**EXERCISE REQUIREMENTS**: Repeat, exactly and in full, the lines of the listing below, but without any pictures.

**DATA SHOWN**:
____
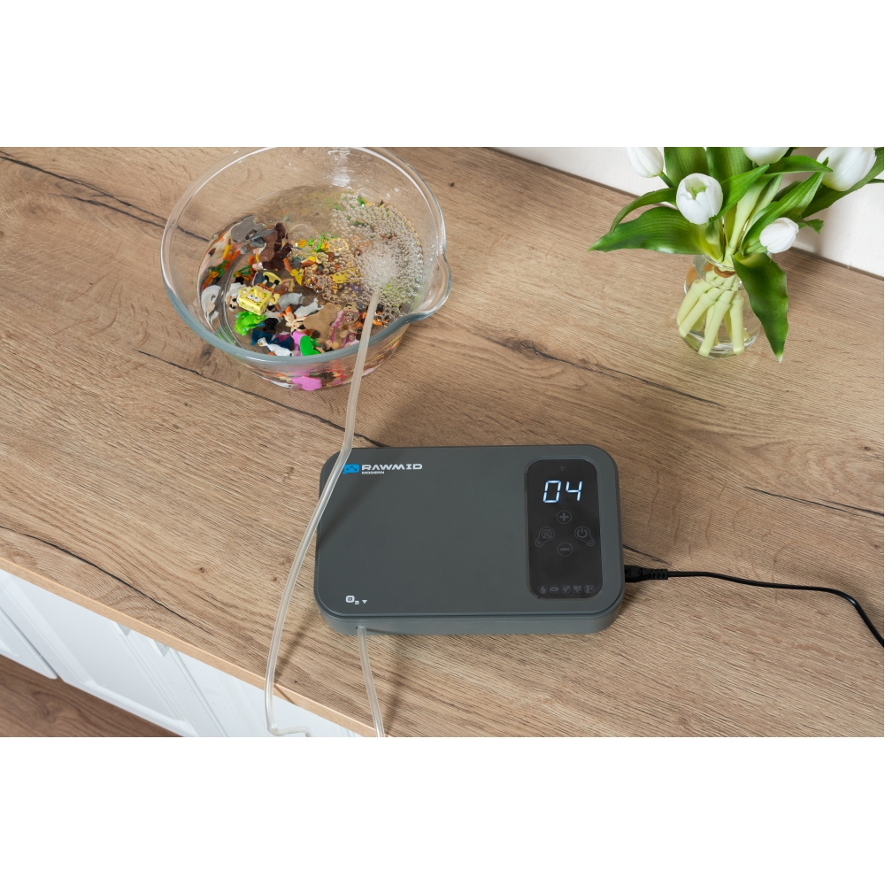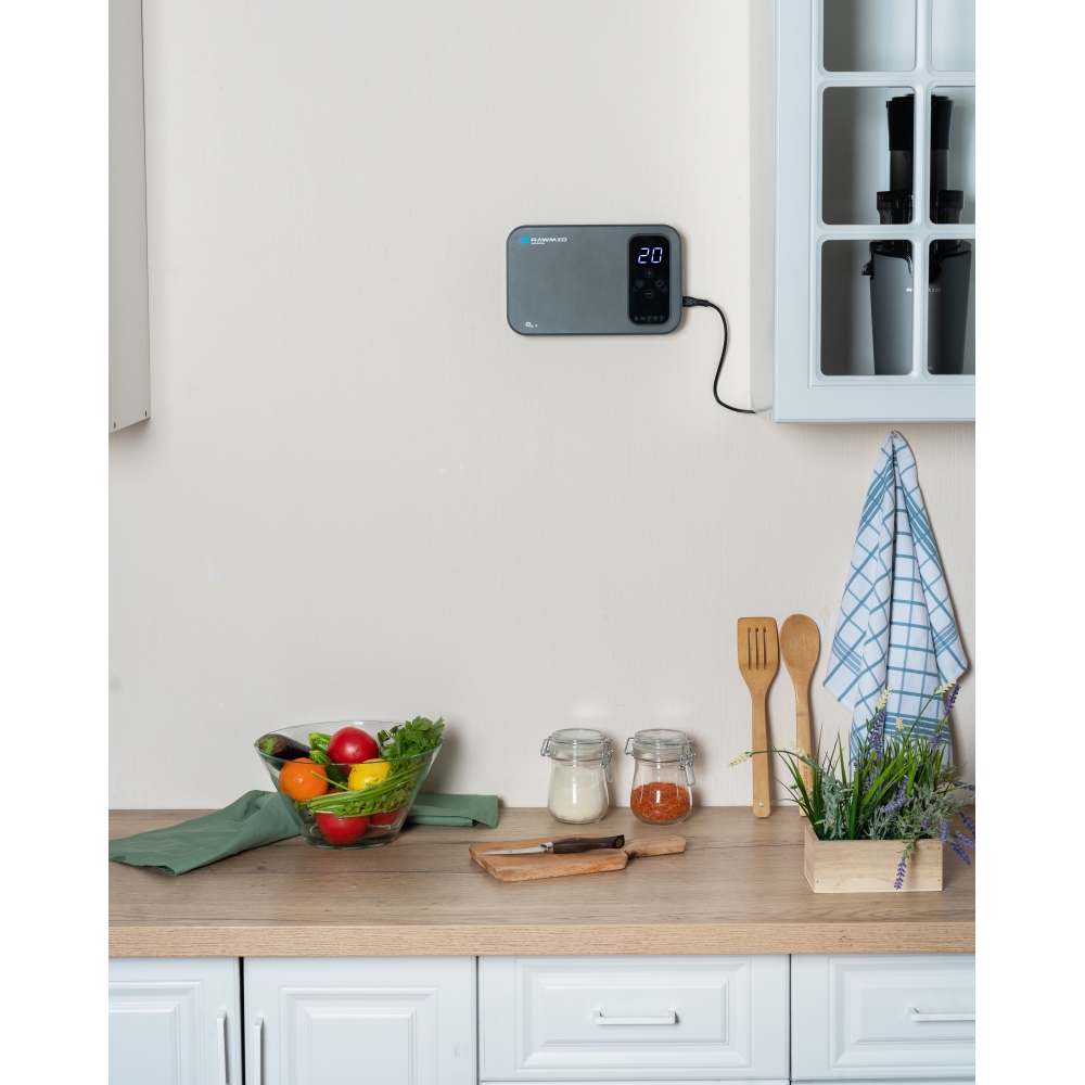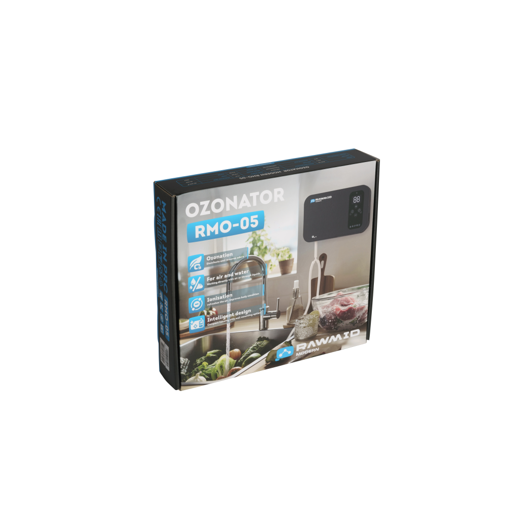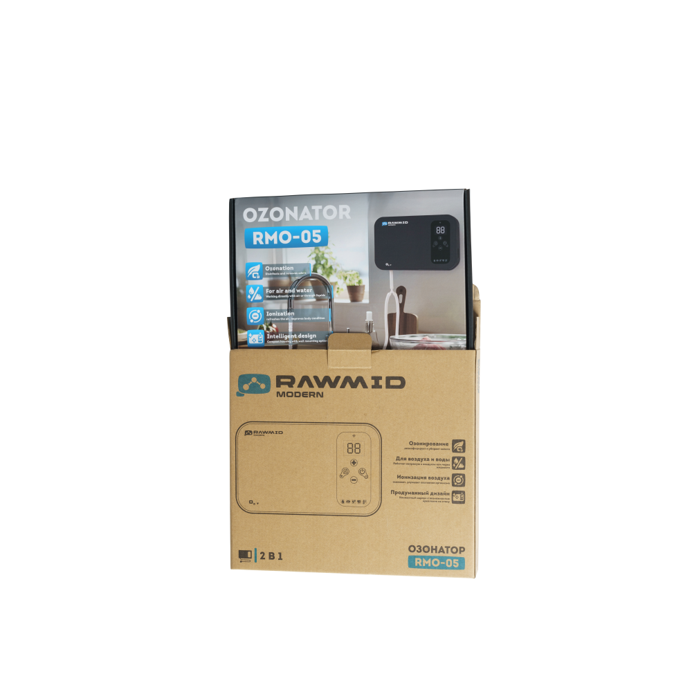 RAWMID Modern RMO-05 — озонатор воздуха для дома, воды и продуктов с ионизацией и управлением через Wi-Fi. Благодаря приложению Smart Life вы можете запускать прибор со смартфона, настраивать расписания и сценарии, соединять его с другими устройствами умного дома и управлять с помощью голосовых ассистентов Алиса или Google Home. Компактный озонатор для дома с функционалом 4-в-1: дезинфекция, устранение запахов, ионизация воздуха и продление свежести продуктов.
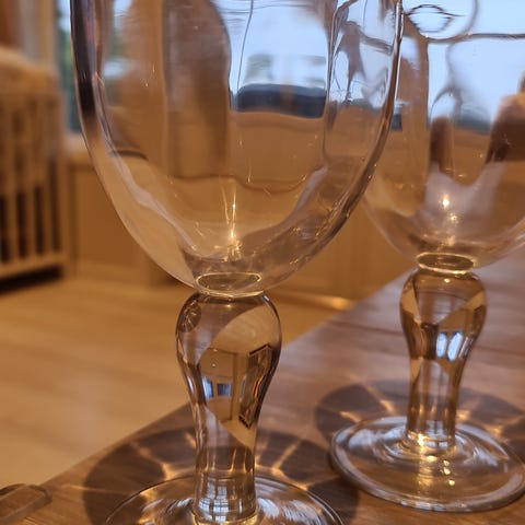 3 eldre fine drammeglass på stett med mønster selges samlet kr 150,-.
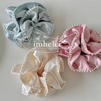 Women's French Satin Pearl Beaded Elastic Scrunchie Solid Color
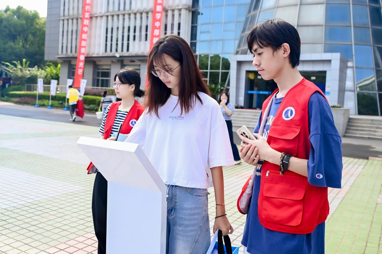 校园内,鲜艳的道旗迎风招展,处处洋溢着热烈而温馨的迎新氛围。身着统一服装的志愿者们精神饱满,高举各学院的欢迎指示牌,活跃在校园的各个角落。“同学你好,请跟我来”、“行李交给我们,请放心!”……一声声亲切的问候,一次次主动的援手,构成了秋日校园最动人的风景。从引导路线、答疑解惑,到协助搬运行李、办理入住手续,志愿者们用真诚的笑容、周到的服务与无私的奉献,让初来乍到的新生们感受到了家一般的温暖与归属,留下了关于上商初印象的美好记忆。
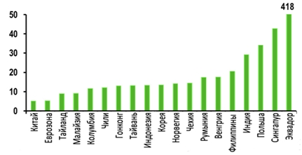 К ним относится Эквадор, который извлек выгоду из восстановления цен на нефть в прошлом году, в то время как слабый внутренний спрос сдерживал импорт. Также, в Польше произошел прирост в 36%. Среди стран с переходной экономикой в Швейцарии наблюдался рост почти на 27%, в то время как резервы Норвегии выросли на 14%. Эти достижения отражают усилия по предотвращению повышения курса национальной валюты в условиях смягчения денежно-кредитной политики со стороны ФРС и ЕЦБ.
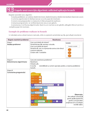 Etapele unui exercițiu algoritmic utilizând aplicația Scratch
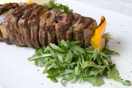 shashlik with potherbs on the plate
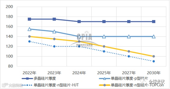 图26 2022-2030 年硅片厚度变化趋势(单位:μm)
____
**OUTPUT FOR THIS EXERCISE**:
 RAWMID Modern RMO-05 — озонатор воздуха для дома, воды и продуктов с ионизацией и управлением через Wi-Fi. Благодаря приложению Smart Life вы можете запускать прибор со смартфона, настраивать расписания и сценарии, соединять его с другими устройствами умного дома и управлять с помощью голосовых ассистентов Алиса или Google Home. Компактный озонатор для дома с функционалом 4-в-1: дезинфекция, устранение запахов, ионизация воздуха и продление свежести продуктов.
 3 eldre fine drammeglass på stett med mønster selges samlet kr 150,-.
 Women's French Satin Pearl Beaded Elastic Scrunchie Solid Color
 校园内,鲜艳的道旗迎风招展,处处洋溢着热烈而温馨的迎新氛围。身着统一服装的志愿者们精神饱满,高举各学院的欢迎指示牌,活跃在校园的各个角落。“同学你好,请跟我来”、“行李交给我们,请放心!”……一声声亲切的问候,一次次主动的援手,构成了秋日校园最动人的风景。从引导路线、答疑解惑,到协助搬运行李、办理入住手续,志愿者们用真诚的笑容、周到的服务与无私的奉献,让初来乍到的新生们感受到了家一般的温暖与归属,留下了关于上商初印象的美好记忆。
 К ним относится Эквадор, который извлек выгоду из восстановления цен на нефть в прошлом году, в то время как слабый внутренний спрос сдерживал импорт. Также, в Польше произошел прирост в 36%. Среди стран с переходной экономикой в Швейцарии наблюдался рост почти на 27%, в то время как резервы Норвегии выросли на 14%. Эти достижения отражают усилия по предотвращению повышения курса национальной валюты в условиях смягчения денежно-кредитной политики со стороны ФРС и ЕЦБ.
 Etapele unui exercițiu algoritmic utilizând aplicația Scratch
 shashlik with potherbs on the plate
 图26 2022-2030 年硅片厚度变化趋势(单位:μm)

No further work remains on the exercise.